Judith Stein is a professor of history and the author of Pivotal Decade: How the United States Traded Factories for Finance in the Seventies (Yale University Press, 2010).

In his speech on jobs Thursday, President Obama will offer tax credits for new hiring, extension of the payroll tax cut, and other small items, his aides hinted. These measure may be helpful at the margins, but the only way they, and much needed larger ones, will get people's attention is if they are attached to a narrative that makes jobs the centerpiece of a new economy that produces more of the goods that Americans consume.

In 2009, the president seemed to agree when he told CNN, "We can't go back to the era where the Chinese or the Germans or other countries just are selling everything to us, we're taking out a bunch of credit card debt or home equity loans, but we're not selling anything to them."...

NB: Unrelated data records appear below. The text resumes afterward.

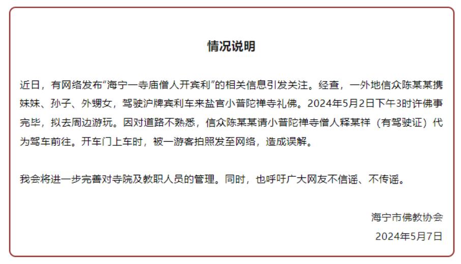 【海宁一寺庙僧人开宾利?官方发布情况说明】
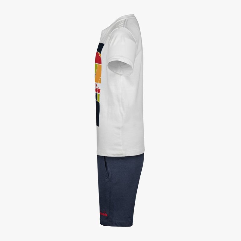 Детский костюм Diadora Jb. SS Set Fregio Junior - футболка обычного кроя с короткими рукавами и круглым вырезом и шорты-бермуды в тон. Комплект из легкого и воздушного хлопка идеально подойдет для занятий спортом и тренировок.
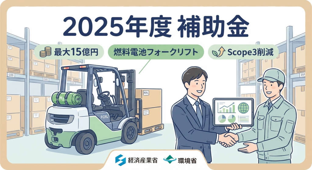 2025年度(令和7年度)の環境省「省CO2設備投資促進事業」は、サプライチェーン全体の脱炭素化(Scope3削減)を目指す企業にとって最大の支援策です。本事業では、代表企業と連携企業が協力して行う省エネ設備投資に対し、最大15億円、燃料電池フォークリフトの導入には1台あたり最大550万円が補助されます。
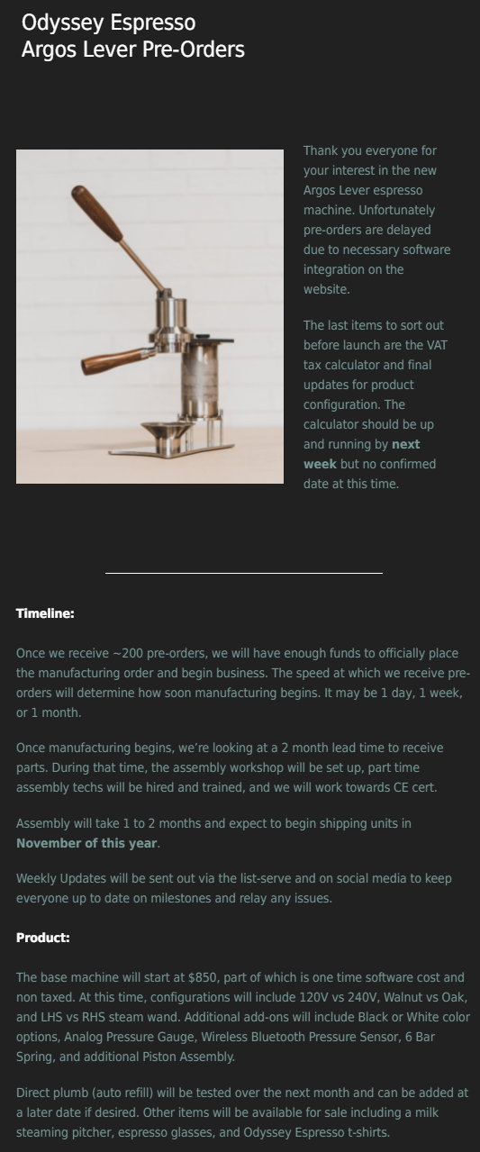 Re: ARGOS van Odyssey Espresso
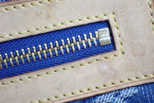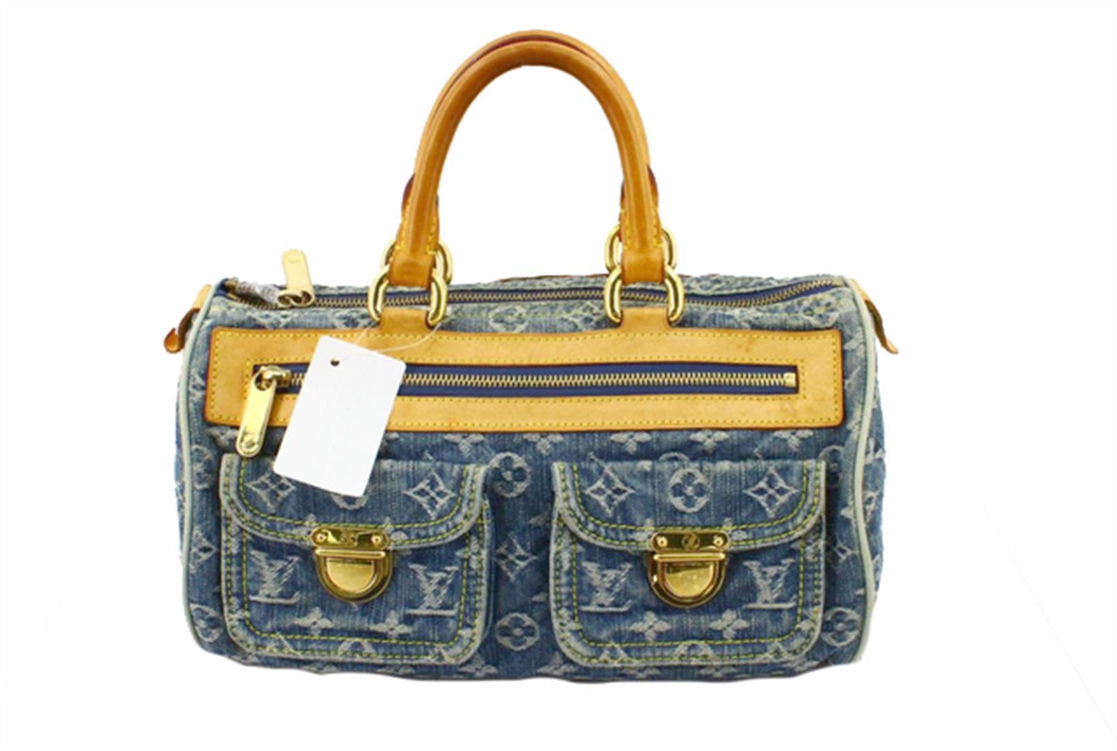 Blue Monogram denim of Louis Vuitton Neo Speedy satchel bag features gold-tone hardware, dual rolled handles, tan leather trim embellishment & dual exterior pockets, marigold Alcantara lining & single interior pocket, and zip closure at side. Height: 9

Despite Obama's words, the tax cuts and spending in his $787 billion stimulus did not encourage the investment and growth we needed. Most of it was saved or used for consumption. The unemployed obviously needed income support. But some of the increased buying went for imports, providing jobs for foreign, not American workers. The low interest rates and quantitative easing of the Federal Reserve Bank aided the global as much as the American economy. Banks and multinationals used cheap money to invest in emerging markets, not in the United States. The wealth effect of the rising stock market encouraged upper-class consumption, not investment. The telltale trade deficit has been rising again, meaning that the United States is consuming more than it is producing again....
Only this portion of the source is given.